This article addresses what I consider the most important safety disclosure in the pentosan polysulfate space. If you use PPS for any indication — interstitial cystitis, osteoarthritis, or anything else — you need to understand this risk.
Pentosan polysulfate maculopathy is a recently identified, dose-dependent, progressive, and currently irreversible retinal toxicity associated with long-term PPS use.

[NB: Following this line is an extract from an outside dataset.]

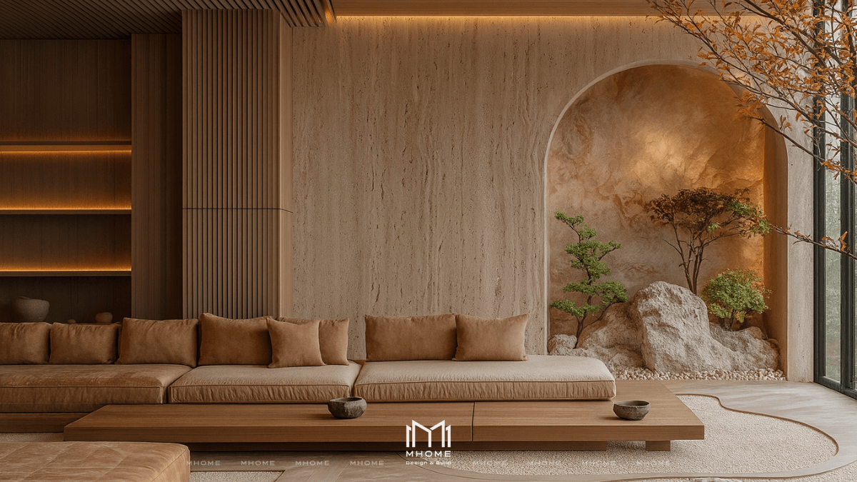 - Tạo cảm giác thư giãn tuyệt đối: Gam màu nhẹ nhàng, ánh sáng tự nhiên và vật liệu gỗ, tre, đá giúp phòng khách mang lại sự bình yên, xua tan căng thẳng sau một ngày dài.

It was first described in 2018, decades after PPS was approved by the FDA for interstitial cystitis in 1996. This means that thousands of patients used PPS for years without anyone knowing this risk existed.
Here is what the evidence shows.
At a Glance
| Property | Value |
|---|---|
| First Described | 2018 (Pearce et al., Ophthalmology) |
| FDA Labeling Update | 2020 |
| Risk Factor | Cumulative exposure (total grams of PPS ingested) |
| Typical Exposure for Risk | 3+ years of oral PPS at 300 mg/day |
| Prevalence Estimate | 16-24% of long-term oral PPS users show subclinical findings |
| Symptoms | Difficulty reading, paracentral scotomas, prolonged dark adaptation |
| Pathology | Retinal pigment epithelium (RPE) damage, pigment migration in macula |
| Reversibility | Not reversible; may progress after discontinuation |
| Screening Method | OCT, fundus autofluorescence, near-infrared reflectance |
The Discovery: A Toxicity Hidden for 22 Years
PPS (Elmiron) was approved by the FDA in 1996 for interstitial cystitis (IC), a chronic bladder condition. For over two decades, it was considered to have a benign side effect profile. Then in 2018, Nieraj Jain and William Pearce at Emory University published a landmark paper describing a novel macular disease in patients with long-term PPS exposure.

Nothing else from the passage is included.